All night I dreamt of cesspits.
In them, amid filth and refuse, psychologists sat in a circle. It resembled some kind of psychological training—an initiation rite. They were instructed to share their feelings and inner states. Around the pools walked figures in long, dark cloaks with vertical golden inlays—one for each pit. The faces of these initiators were concealed behind golden masks. Each held a basket filled with cheap golden glitter, and from time to time would sprinkle the heads of those sitting below, as if to confirm that the initiation was proceeding correctly.
The atmosphere of the dream strongly evoked scenes from Hard to Be a God by Aleksei German—a world of mud and density, where the sublime and the grotesque coexist without mediation.
I had the uncanny impression that these golden-masked figures were feeding on the emotional energy of the unfortunate participants, who were required to endure such humiliation in order to “pass” a psychological initiation.
The pit is one of the most ancient archetypal images. It signifies descent, immersion, entry into the unconscious. In classical initiation, the hero truly descends into darkness—into a cave, beneath the earth, into the belly of the whale. Yet there, transformation occurs. There is meaning, risk, and encounter with something greater than oneself.
Here, however, the pit is not sacred. It is a cesspit.
This is not the nigredo of the alchemical process that leads to rebirth, but stagnation in the waste of the collective shadow. Not depth, but an imitation of depth. Not engagement with affect, but its demonstrative exhibition. The gilded confetti is a glittering yet counterfeit symbol of “gold.” Alchemy without fire. Transformation without transcendence. Shine in place of value.
In the dream, figures with concealed faces appear. The mask is persona. When the face disappears, subjectivity dissolves and only function remains. These figures are not guides but administrators of the process. They do not participate in vulnerability; they regulate it. Their authority rests on asymmetry: some expose themselves, others remain concealed.
The dream poses an almost juridical question: to whom does the energy belong?

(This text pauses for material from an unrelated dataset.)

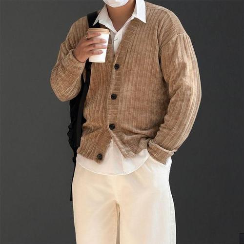 [에이치플러스몰]베니스 니트 크롭 벨벳 가디건 (5color) 오버핏 브이넥 숏 커플 봄 가을 겨울

When a person opens their soul in a space devoid of real responsibility, their psychic energy is not integrated. It does not return as consciousness. It disperses—or is appropriated by the structure. One senses a leakage: libido flowing into a system that promises depth while reproducing dependency.
The setting recalls Hard to Be a God: a world of grime where elevated ideals coexist with physiology and absurdity. In such a world, spirituality easily becomes spectacle, and initiation becomes a service.
The image of those who consent to sit in the pit is especially important. They are not merely victims. They are seekers of recognition, belonging, and confirmation of their worth. The certificate becomes a symbolic marker: I have completed the path—even if the path itself was profaned.
The dream seems to distinguish between two kinds of container. One is internal, formed through authentic experience, risk, solitude, and confrontation with one’s own shadow. The other is external and institutional, where “containment” is promised but replaced in practice by regulation and ritual. The masked initiators may represent the archetype of the false father, or the inflation of the Self appropriated by an organization. When an archetype is replaced by a structure, energy ceases to serve individuation and instead sustains the system itself.
In this sense, the dream is a warning about the profanation of initiation—about how easily the archetype of depth becomes a commodity, and vulnerability a resource.
True descent is always bound to responsibility. It requires no glitter. It is not sold for money and cannot be certified. Its mark is not left on paper but inscribed in the structure of the personality.
Perhaps the central question of the dream is not about those who walk in masks, but about where the boundary lies between the search for meaning and the willingness to endure humiliation in exchange for symbolic recognition.
And yet the energy of the soul never disappears. The psyche continues its work, forming an inner response—a symbolic antidote to external contamination. The dream became my psyche’s answer to a real group process.